Performance Guide¶

This guide covers performance optimization, profiling, and benchmarking for RustyStats.

Performance Characteristics¶

Complexity Analysis¶

Operation	Complexity	Notes
IRLS iteration	O(np² + p³)	X'WX computation + solve
Single coordinate descent step	O(np)	Update one coefficient
Full CD iteration (all p)	O(np²)	With Gram matrix
Spline basis evaluation	O(n × df × degree)	Per-observation
Target encoding	O(n × n_perms)	With permutations

Typical Performance¶

Dataset	Features	Family	Time (release)
10K rows	20	Poisson	~20ms
100K rows	50	Poisson	~200ms
500K rows	50	Poisson	~800ms
1M rows	100	Gaussian	~2s

Build Optimization¶

Always Use Release Mode¶

# Development (fast compile, slow run)
maturin develop

# Release (slow compile, fast run)
maturin develop --release

Release mode enables: - Optimizations (-O3) - LTO (Link-Time Optimization) - Inlining - SIMD auto-vectorization

Cargo Profile¶

# Cargo.toml
[profile.release]
lto = true
codegen-units = 1
opt-level = 3

Parallelization¶

Rayon Configuration¶

Rayon automatically uses all available cores.

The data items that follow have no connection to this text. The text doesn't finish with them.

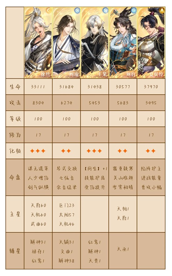同系密探必须下拉,徐庶伤害要够。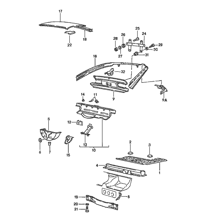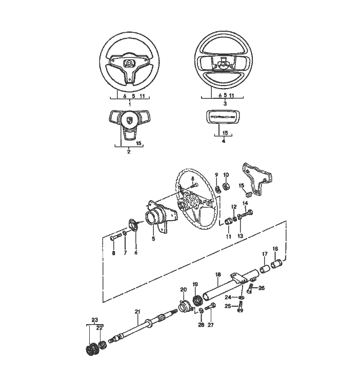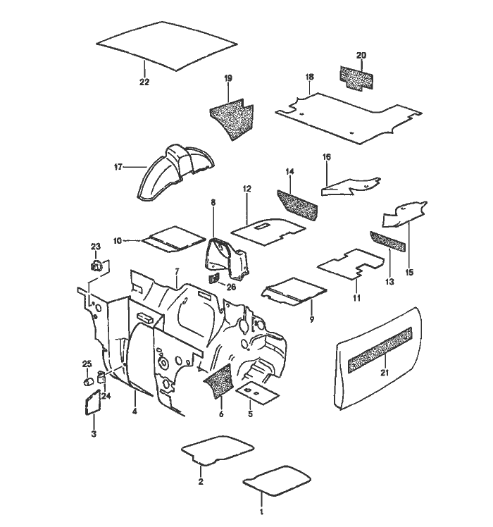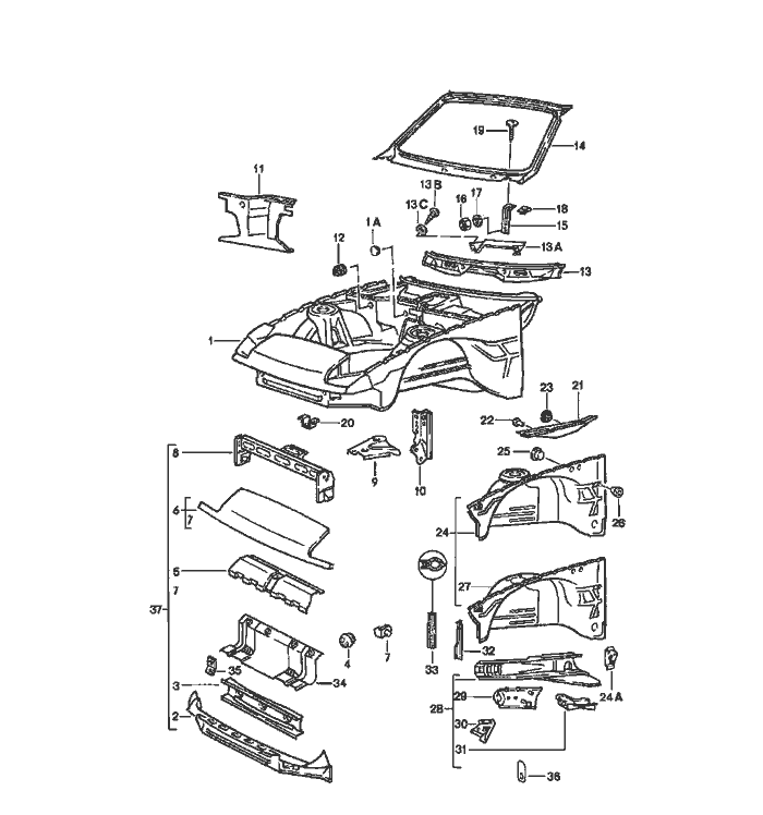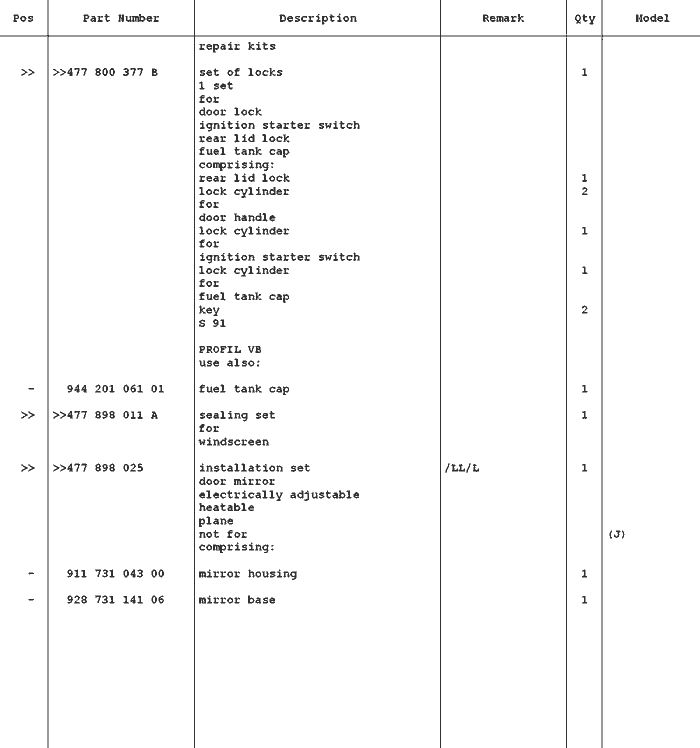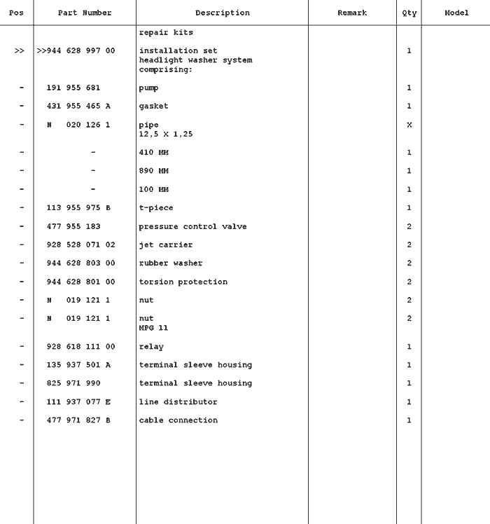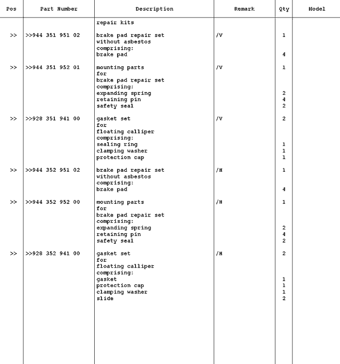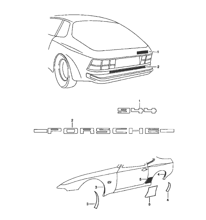Explosionszeichnungen, Diagramme, Teilenummern für alle Teile des Porsche 944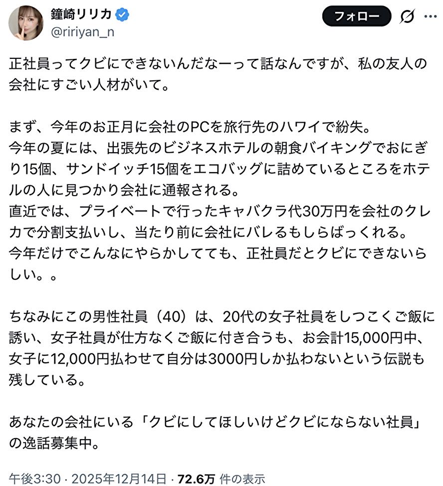 | … | 5025/12/14(日)20:22:07No.1382517889+首にしても訴えられたときにこういう裏付けがありますと理論武装してないとまぁ難しいだろう |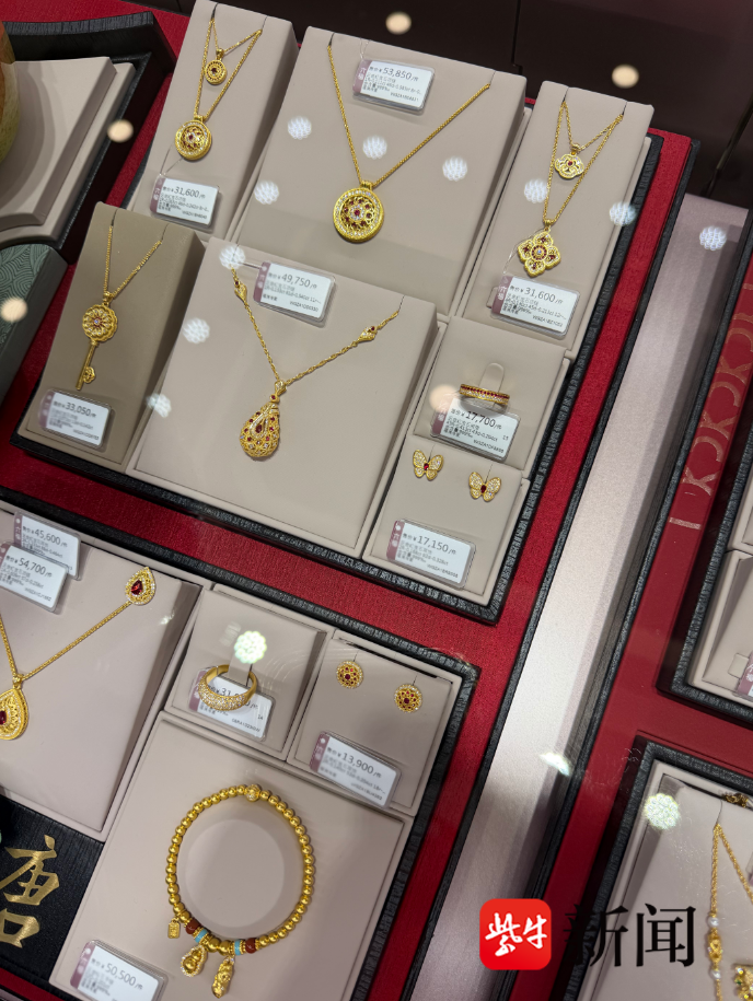 带着消费者的投诉与疑问,紫牛新闻记者进行实地踩访。在南京建邺区某大型商场内,周大生、周大福、潮宏基、老凤祥等品牌专柜前人头攒动。记者注意到,所有品牌均将“一口价”黄金饰品置于黄金柜台的C位或黄金陈列位,这类饰品多镶嵌着钻石、彩宝,工艺看起来更为复杂精致。

Control with:

// Limit threads
rayon::ThreadPoolBuilder::new()
    .num_threads(4)
    .build_global()
    .unwrap();

Or environment variable:

RAYON_NUM_THREADS=4 python script.py

Parallel Patterns¶

Parallel Map¶

let results: Vec<_> = data.par_iter()
    .map(|x| expensive_compute(x))
    .collect();

Parallel Fold-Reduce¶

let sum = (0..n).into_par_iter()
    .fold(|| 0.0, |acc, i| acc + data[i])
    .reduce(|| 0.0, |a, b| a + b);

When to Parallelize¶

Good: Independent computations, large n
Bad: Small n (overhead dominates), sequential dependencies

Rule of thumb: Parallelize when n > 1000.

Memory Optimization¶

Avoid Unnecessary Copies¶

// Bad: clones array
fn process(data: Array1<f64>) { ... }

// Good: borrows
fn process(data: &Array1<f64>) { ... }

// Good: moves ownership when needed
fn consume(data: Array1<f64>) -> Array1<f64> { ... }

Pre-allocate Buffers¶

// Bad: allocates in loop
for iter in 0..max_iter {
    let buffer = Array1::zeros(n);
    // ...
}

// Good: allocate once
let mut buffer = Array1::zeros(n);
for iter in 0..max_iter {
    buffer.fill(0.0);
    // ...
}

Use Views¶

// No copy - just a view
let column = matrix.column(j);
let slice = array.slice(s![10..20]);

Memory Layout¶

ndarray uses row-major by default. Access patterns matter:

// Good: row-wise access (contiguous)
for row in matrix.rows() {
    for &val in row.iter() { ... }
}

// Bad: column-wise access (strided)
for col in matrix.columns() {
    for &val in col.iter() { ... }
}

Profiling¶

Rust Profiling¶

Using perf (Linux)¶

# Build with debug symbols
cargo build --release

# Record profile
perf record -g ./target/release/benchmark

# View report
perf report

Using flamegraph¶

# Install
cargo install flamegraph

# Generate
cargo flamegraph --bin benchmark

Using cargo-instruments (macOS)¶

cargo install cargo-instruments
cargo instruments -t "Time Profiler" --release

Python Profiling¶

cProfile¶

import cProfile
import pstats

with cProfile.Profile() as pr:
    result = rs.fit_glm(y, X, family="poisson")

stats = pstats.Stats(pr)
stats.sort_stats('cumulative')
stats.print_stats(10)

line_profiler¶

# Install: pip install line_profiler

@profile
def benchmark():
    result = rs.fit_glm(y, X, family="poisson")
    return result

# Run: kernprof -l -v script.py

Benchmarking¶

Rust Benchmarks¶

// benches/irls.rs
use criterion::{criterion_group, criterion_main, Criterion};

fn bench_irls(c: &mut Criterion) {
    let (y, x) = generate_data(10000, 20);

    c.bench_function("irls_10k_20", |b| {
        b.iter(|| {
            fit_glm(&y, &x, &PoissonFamily, &LogLink, &IRLSConfig::default())
        })
    });
}

criterion_group!(benches, bench_irls);
criterion_main!(benches);

Run with:

cargo bench

Python Benchmarks¶

import time
import numpy as np
import rustystats as rs

def benchmark(n, p, family="poisson", n_runs=10):
    """Benchmark GLM fitting."""
    y = np.random.poisson(5, n).astype(float)
    X = np.column_stack([np.ones(n), np.random.randn(n, p)])

    times = []
    for _ in range(n_runs):
        start = time.perf_counter()
        result = rs.fit_glm(y, X, family=family)
        times.append(time.perf_counter() - start)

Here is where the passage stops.